Spitalere's hatchet made the flint-and-steel sound with each strike as he tore small clumps of grass from the ground, revealing a flat stone, maybe the size of a newspaper, just beneath.
"That's definitely a stone of something," he said, tossing the hatchet to the ground and brushing dirt from the stone with his bare hands.
Spitalere is part of a Salem Historical Society project, launched last week, to chart the identities of people buried in the North Salem Burial Ground - a cemetery where headstones date to the mid-1700s. The town's vital statistics indicate that 31 people were buried there, but Spitalere thinks there might be many more.
Just last week he discovered the headstone of Peter Currier, who died in September 1754. Currier isn't listed in the town's vital statistics.
That find prompted seven volunteers to gather yesterday at the old burial ground and begin work that will probably take all summer. They intend to cut brush around the graveyard, and search beneath the ground for buried gravestones and old artifacts.

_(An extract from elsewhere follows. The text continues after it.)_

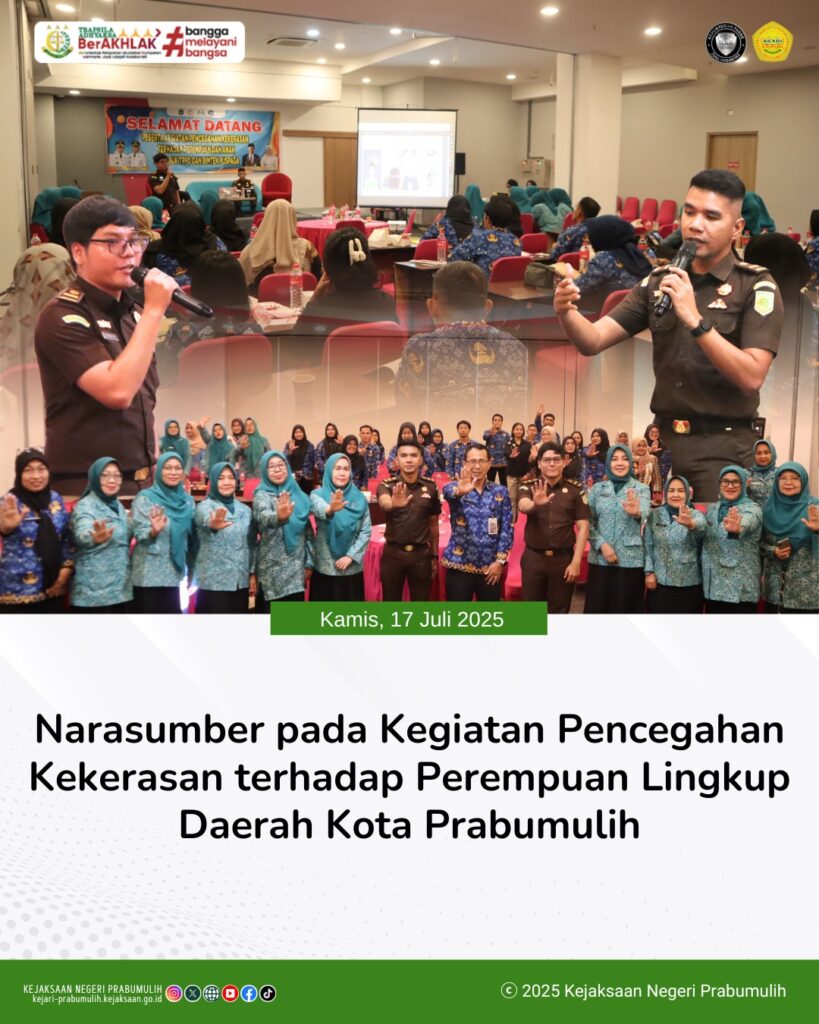 Bertempat di Fave Hotel Kota Prabumulih, Jaksa Fungsional pada Seksi Intelijen Bapak Rozza Syaputra, S.H. dan Bapak Afrialdi, S.H., menjadi Narasumber pada Kegiatan Pencegahan Kekerasan terhadap Perempuan Lingkup Daerah Kota Prabumulih yang dilaksanakan oleh Dinas PPKBPPA Kota Prabumulih.

Yesterday's search turned up a few finds, too. One headstone - which looked like it matched the 18th century style of some of the oldest there - leaned against a stone wall at the base of a shallow slope, almost in a nearby stream. Once Spitalere tore through the brush to get down to the stone, he looked it over.
"It's illegal to rub gravestones, but it looks like we'll have to rub it," he mused, examining the stone's face - algae-splattered, looking like a Rorschach test.
He put the headstone aside and navigated his way back up the hill. That's where he found, buried near other head and foot stones, the remnants of more grave markers.
Spitalere is a short man, age 30, with a dynamism trumped only by the variety of his interests - ghost hunting, genealogy, history, yard sales, development projects, conservation.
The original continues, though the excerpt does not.